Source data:
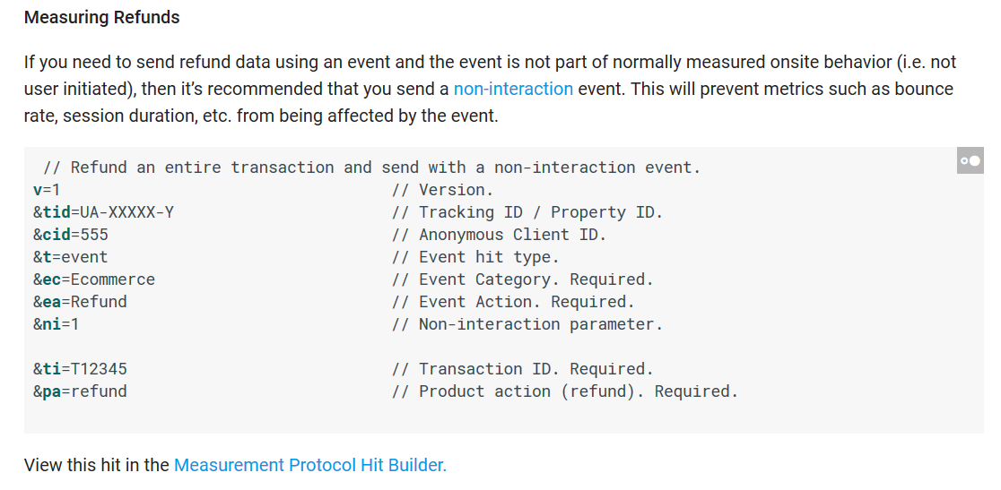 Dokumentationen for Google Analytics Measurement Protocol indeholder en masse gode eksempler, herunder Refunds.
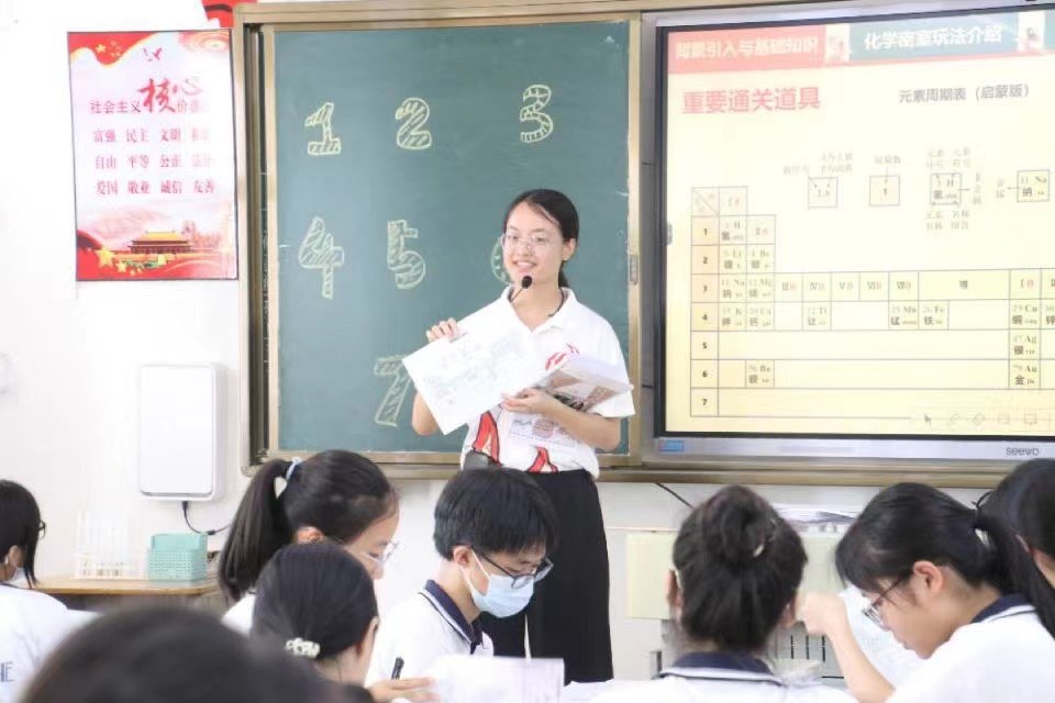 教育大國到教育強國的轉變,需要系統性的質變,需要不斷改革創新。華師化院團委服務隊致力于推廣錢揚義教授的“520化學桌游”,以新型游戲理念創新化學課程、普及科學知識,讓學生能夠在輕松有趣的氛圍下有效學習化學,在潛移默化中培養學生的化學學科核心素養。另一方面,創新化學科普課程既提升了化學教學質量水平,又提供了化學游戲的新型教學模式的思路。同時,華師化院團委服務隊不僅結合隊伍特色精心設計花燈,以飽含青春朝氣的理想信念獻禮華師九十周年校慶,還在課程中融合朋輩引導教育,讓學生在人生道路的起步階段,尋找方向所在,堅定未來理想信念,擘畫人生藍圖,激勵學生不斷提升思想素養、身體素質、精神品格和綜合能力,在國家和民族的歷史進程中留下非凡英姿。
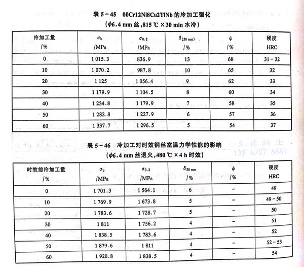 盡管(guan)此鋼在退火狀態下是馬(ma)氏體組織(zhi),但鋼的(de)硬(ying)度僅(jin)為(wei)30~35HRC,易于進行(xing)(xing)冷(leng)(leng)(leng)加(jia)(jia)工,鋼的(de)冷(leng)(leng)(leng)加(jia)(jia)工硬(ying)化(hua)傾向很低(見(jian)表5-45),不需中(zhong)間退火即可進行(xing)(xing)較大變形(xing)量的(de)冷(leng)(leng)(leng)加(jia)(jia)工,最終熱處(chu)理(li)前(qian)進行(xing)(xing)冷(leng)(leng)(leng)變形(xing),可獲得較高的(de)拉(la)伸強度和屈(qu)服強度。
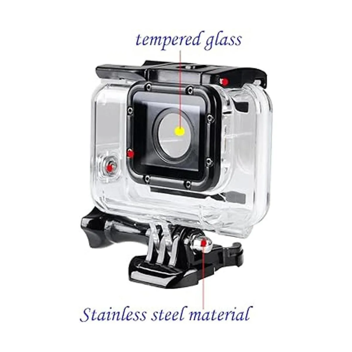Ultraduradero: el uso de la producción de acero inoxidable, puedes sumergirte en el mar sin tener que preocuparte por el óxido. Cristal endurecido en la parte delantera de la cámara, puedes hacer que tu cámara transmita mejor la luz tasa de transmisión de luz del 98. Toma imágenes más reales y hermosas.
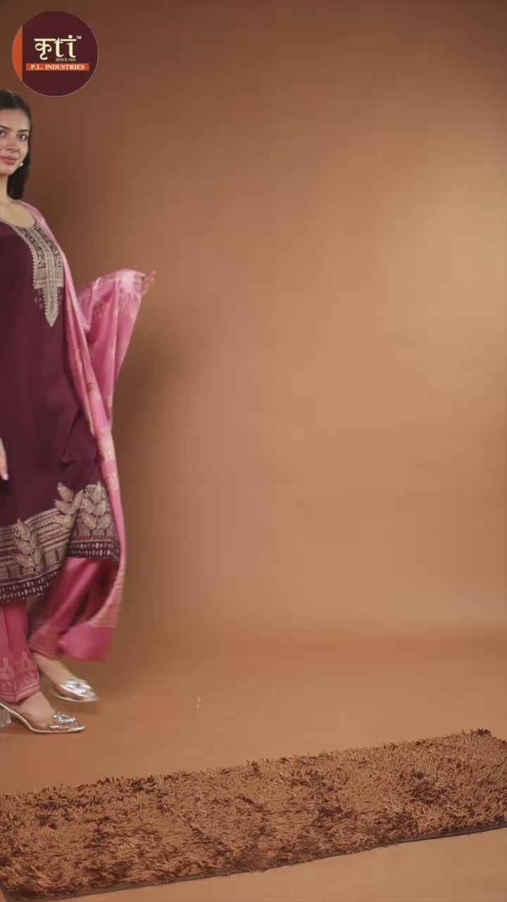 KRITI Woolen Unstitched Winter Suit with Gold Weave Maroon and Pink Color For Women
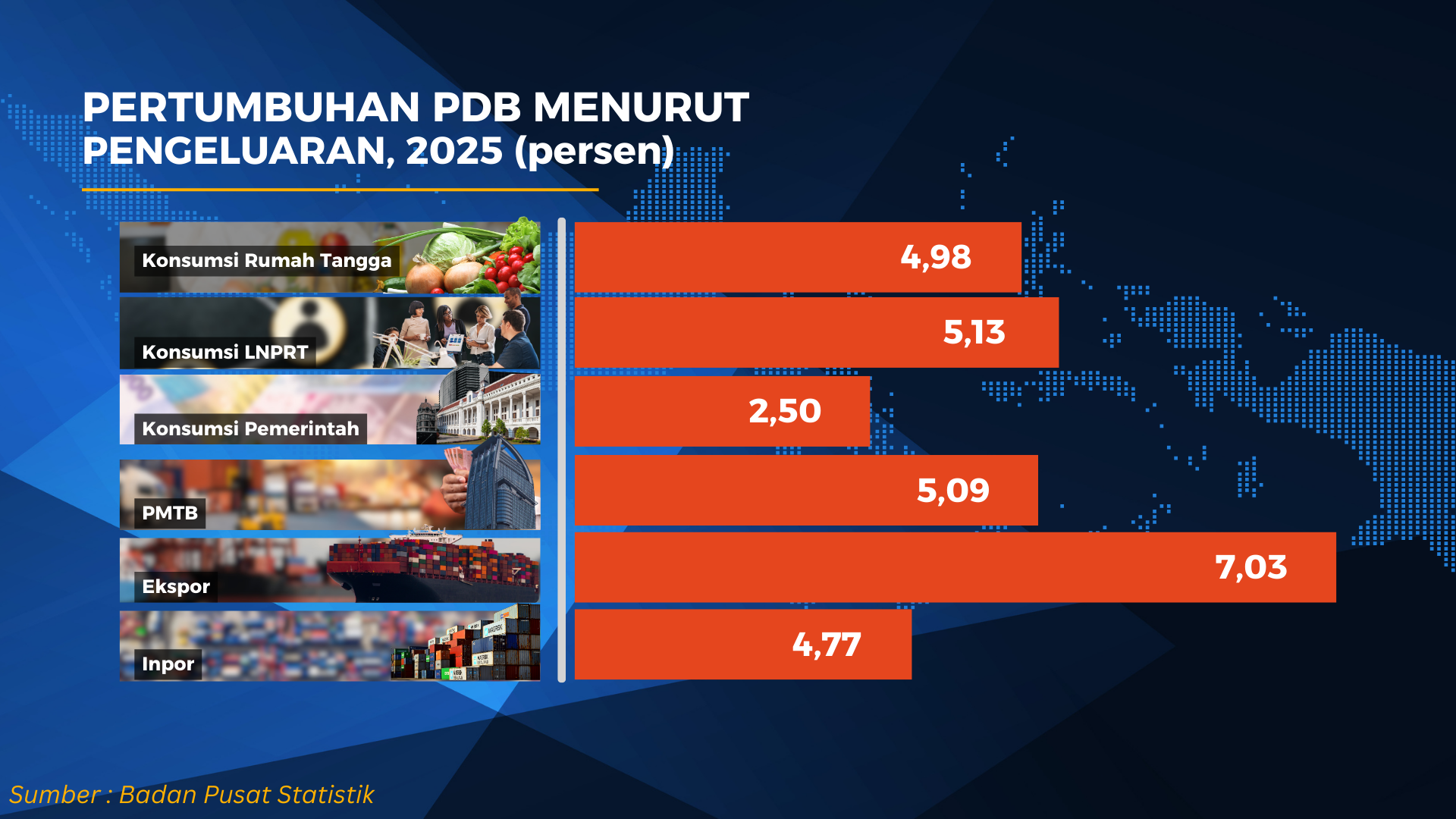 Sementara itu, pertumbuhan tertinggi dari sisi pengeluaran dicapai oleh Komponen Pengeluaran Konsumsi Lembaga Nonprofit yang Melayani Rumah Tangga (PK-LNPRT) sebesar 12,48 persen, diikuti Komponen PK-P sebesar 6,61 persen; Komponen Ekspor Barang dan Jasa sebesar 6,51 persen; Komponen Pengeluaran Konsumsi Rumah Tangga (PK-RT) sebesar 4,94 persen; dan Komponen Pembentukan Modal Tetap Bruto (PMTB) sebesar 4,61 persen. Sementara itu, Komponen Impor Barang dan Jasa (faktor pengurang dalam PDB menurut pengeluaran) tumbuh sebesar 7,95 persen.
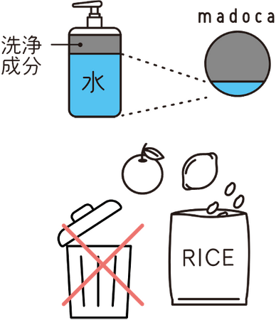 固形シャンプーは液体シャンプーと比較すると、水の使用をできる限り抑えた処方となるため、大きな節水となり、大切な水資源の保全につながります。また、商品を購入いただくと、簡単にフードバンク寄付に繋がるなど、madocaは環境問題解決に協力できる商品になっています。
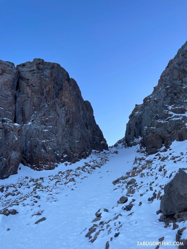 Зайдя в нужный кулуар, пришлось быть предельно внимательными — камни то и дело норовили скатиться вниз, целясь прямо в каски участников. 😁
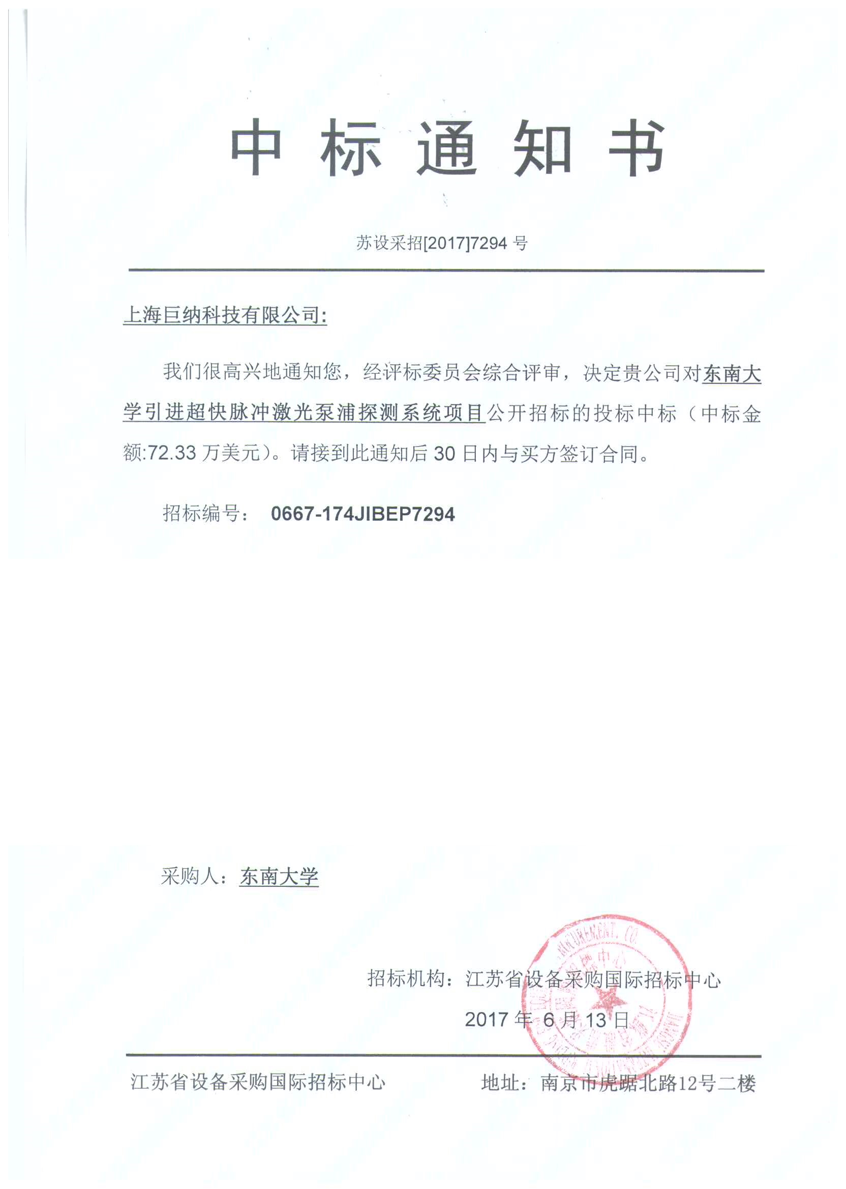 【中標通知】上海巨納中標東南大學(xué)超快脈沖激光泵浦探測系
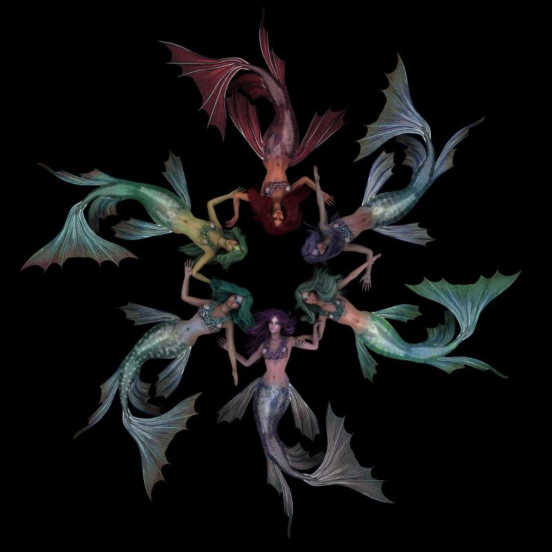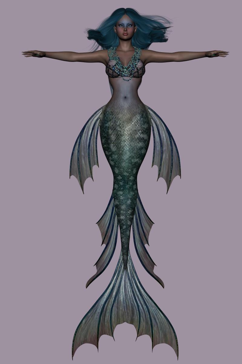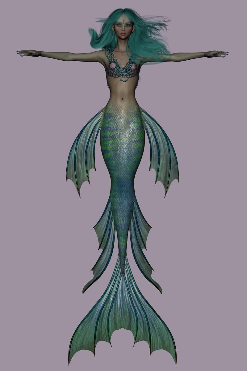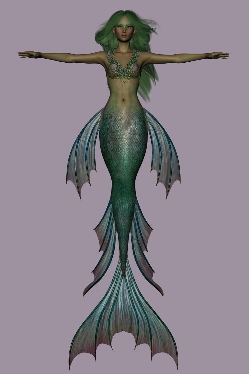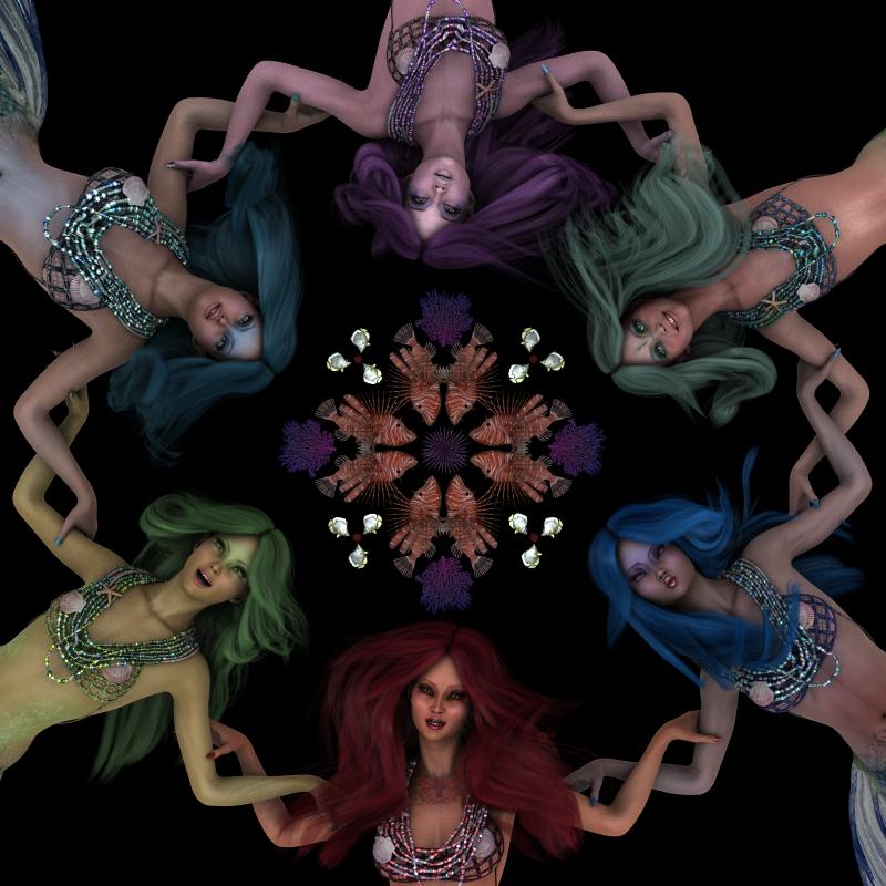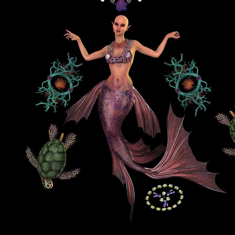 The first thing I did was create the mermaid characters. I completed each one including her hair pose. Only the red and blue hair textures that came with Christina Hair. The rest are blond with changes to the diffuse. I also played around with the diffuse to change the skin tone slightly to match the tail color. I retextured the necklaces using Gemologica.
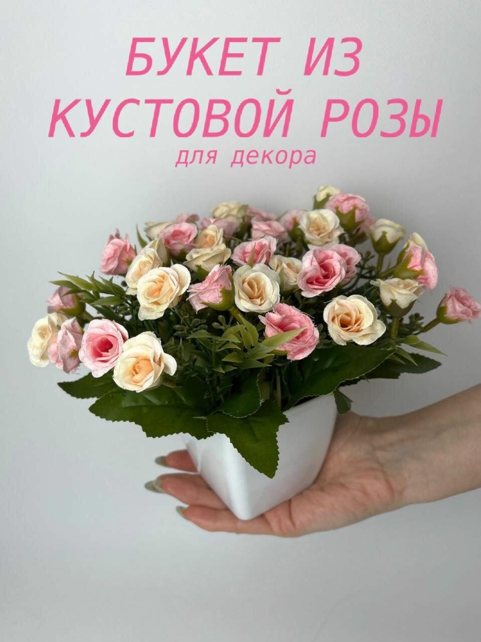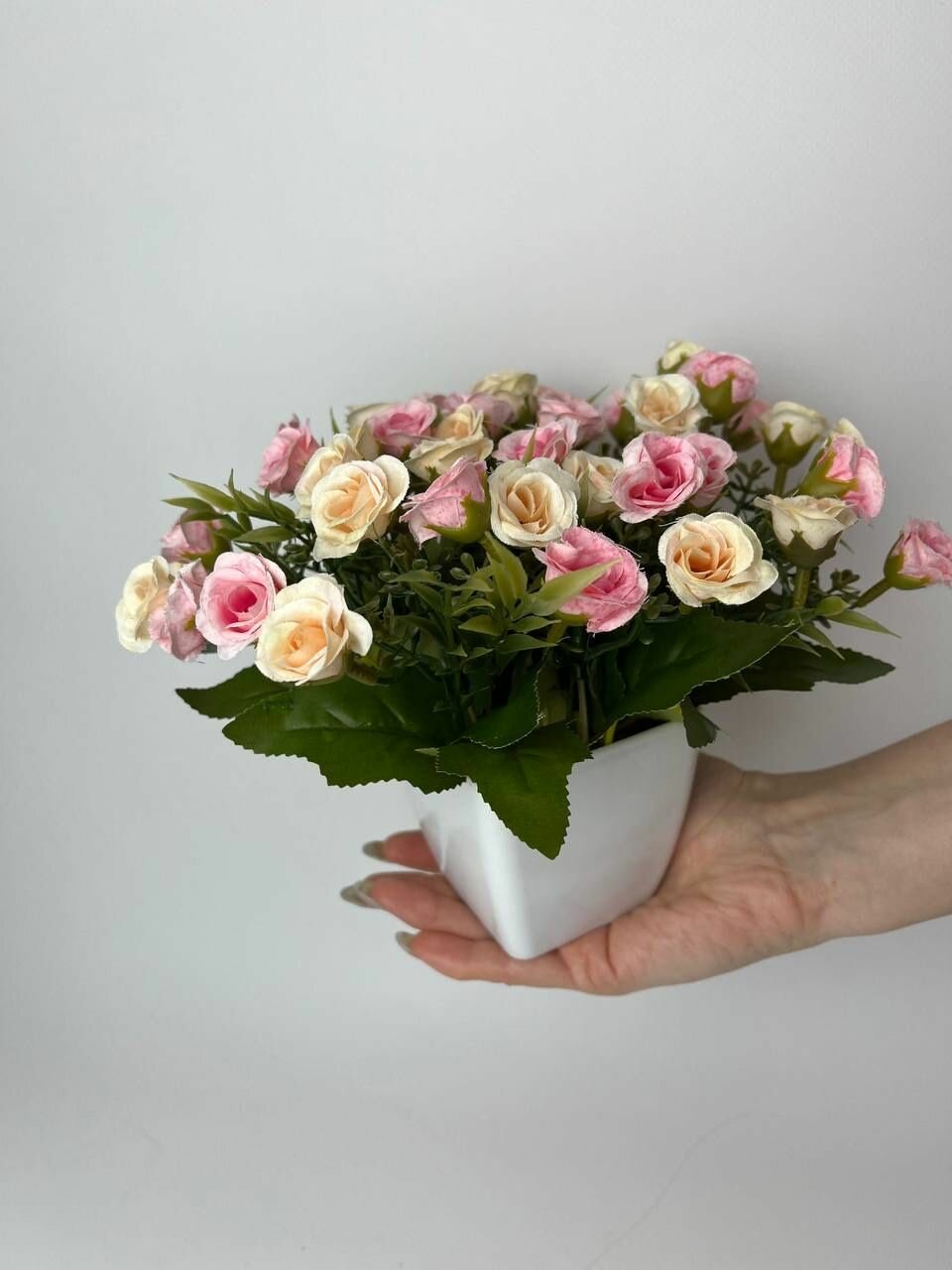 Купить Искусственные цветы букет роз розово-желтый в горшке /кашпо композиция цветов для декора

*EXERCISE DETAILS:* Set down all of the entries exactly as they stand, without any image.

*THE COMPLETED TASK:*
 Dokumentationen for Google Analytics Measurement Protocol indeholder en masse gode eksempler, herunder Refunds.
 教育大國到教育強國的轉變,需要系統性的質變,需要不斷改革創新。華師化院團委服務隊致力于推廣錢揚義教授的“520化學桌游”,以新型游戲理念創新化學課程、普及科學知識,讓學生能夠在輕松有趣的氛圍下有效學習化學,在潛移默化中培養學生的化學學科核心素養。另一方面,創新化學科普課程既提升了化學教學質量水平,又提供了化學游戲的新型教學模式的思路。同時,華師化院團委服務隊不僅結合隊伍特色精心設計花燈,以飽含青春朝氣的理想信念獻禮華師九十周年校慶,還在課程中融合朋輩引導教育,讓學生在人生道路的起步階段,尋找方向所在,堅定未來理想信念,擘畫人生藍圖,激勵學生不斷提升思想素養、身體素質、精神品格和綜合能力,在國家和民族的歷史進程中留下非凡英姿。
 盡管(guan)此鋼在退火狀態下是馬(ma)氏體組織(zhi),但鋼的(de)硬(ying)度僅(jin)為(wei)30~35HRC,易于進行(xing)(xing)冷(leng)(leng)(leng)加(jia)(jia)工,鋼的(de)冷(leng)(leng)(leng)加(jia)(jia)工硬(ying)化(hua)傾向很低(見(jian)表5-45),不需中(zhong)間退火即可進行(xing)(xing)較大變形(xing)量的(de)冷(leng)(leng)(leng)加(jia)(jia)工,最終熱處(chu)理(li)前(qian)進行(xing)(xing)冷(leng)(leng)(leng)變形(xing),可獲得較高的(de)拉(la)伸強度和屈(qu)服強度。
Ultraduradero: el uso de la producción de acero inoxidable, puedes sumergirte en el mar sin tener que preocuparte por el óxido. Cristal endurecido en la parte delantera de la cámara, puedes hacer que tu cámara transmita mejor la luz tasa de transmisión de luz del 98. Toma imágenes más reales y hermosas.
 KRITI Woolen Unstitched Winter Suit with Gold Weave Maroon and Pink Color For Women
 Sementara itu, pertumbuhan tertinggi dari sisi pengeluaran dicapai oleh Komponen Pengeluaran Konsumsi Lembaga Nonprofit yang Melayani Rumah Tangga (PK-LNPRT) sebesar 12,48 persen, diikuti Komponen PK-P sebesar 6,61 persen; Komponen Ekspor Barang dan Jasa sebesar 6,51 persen; Komponen Pengeluaran Konsumsi Rumah Tangga (PK-RT) sebesar 4,94 persen; dan Komponen Pembentukan Modal Tetap Bruto (PMTB) sebesar 4,61 persen. Sementara itu, Komponen Impor Barang dan Jasa (faktor pengurang dalam PDB menurut pengeluaran) tumbuh sebesar 7,95 persen.
 固形シャンプーは液体シャンプーと比較すると、水の使用をできる限り抑えた処方となるため、大きな節水となり、大切な水資源の保全につながります。また、商品を購入いただくと、簡単にフードバンク寄付に繋がるなど、madocaは環境問題解決に協力できる商品になっています。
 Зайдя в нужный кулуар, пришлось быть предельно внимательными — камни то и дело норовили скатиться вниз, целясь прямо в каски участников. 😁
 【中標通知】上海巨納中標東南大學(xué)超快脈沖激光泵浦探測系
 The first thing I did was create the mermaid characters. I completed each one including her hair pose. Only the red and blue hair textures that came with Christina Hair. The rest are blond with changes to the diffuse. I also played around with the diffuse to change the skin tone slightly to match the tail color. I retextured the necklaces using Gemologica.
 Купить Искусственные цветы букет роз розово-желтый в горшке /кашпо композиция цветов для декора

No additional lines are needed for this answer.